• **Task item**:
Look below for the line holding "This Night Gown" and the line holding "in the upper". Repeat those two and everything between, exactly.

• **Record extracts**:
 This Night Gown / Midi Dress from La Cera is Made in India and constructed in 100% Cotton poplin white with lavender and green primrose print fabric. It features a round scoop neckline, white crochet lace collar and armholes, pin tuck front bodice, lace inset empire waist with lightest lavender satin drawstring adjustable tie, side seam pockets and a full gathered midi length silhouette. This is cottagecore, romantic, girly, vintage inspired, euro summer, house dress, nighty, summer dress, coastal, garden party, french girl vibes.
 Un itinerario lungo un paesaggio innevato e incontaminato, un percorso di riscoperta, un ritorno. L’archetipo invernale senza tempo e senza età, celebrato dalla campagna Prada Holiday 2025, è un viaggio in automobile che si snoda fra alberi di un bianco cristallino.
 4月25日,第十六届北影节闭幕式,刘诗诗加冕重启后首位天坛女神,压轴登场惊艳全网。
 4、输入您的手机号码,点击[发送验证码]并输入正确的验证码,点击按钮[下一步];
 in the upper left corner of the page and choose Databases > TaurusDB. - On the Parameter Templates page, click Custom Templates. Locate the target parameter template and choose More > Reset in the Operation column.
==
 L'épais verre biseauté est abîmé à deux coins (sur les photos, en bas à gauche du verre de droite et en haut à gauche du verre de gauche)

• **Exercise result**:
 This Night Gown / Midi Dress from La Cera is Made in India and constructed in 100% Cotton poplin white with lavender and green primrose print fabric. It features a round scoop neckline, white crochet lace collar and armholes, pin tuck front bodice, lace inset empire waist with lightest lavender satin drawstring adjustable tie, side seam pockets and a full gathered midi length silhouette. This is cottagecore, romantic, girly, vintage inspired, euro summer, house dress, nighty, summer dress, coastal, garden party, french girl vibes.
 Un itinerario lungo un paesaggio innevato e incontaminato, un percorso di riscoperta, un ritorno. L’archetipo invernale senza tempo e senza età, celebrato dalla campagna Prada Holiday 2025, è un viaggio in automobile che si snoda fra alberi di un bianco cristallino.
 4月25日,第十六届北影节闭幕式,刘诗诗加冕重启后首位天坛女神,压轴登场惊艳全网。
 4、输入您的手机号码,点击[发送验证码]并输入正确的验证码,点击按钮[下一步];
 in the upper left corner of the page and choose Databases > TaurusDB. - On the Parameter Templates page, click Custom Templates. Locate the target parameter template and choose More > Reset in the Operation column.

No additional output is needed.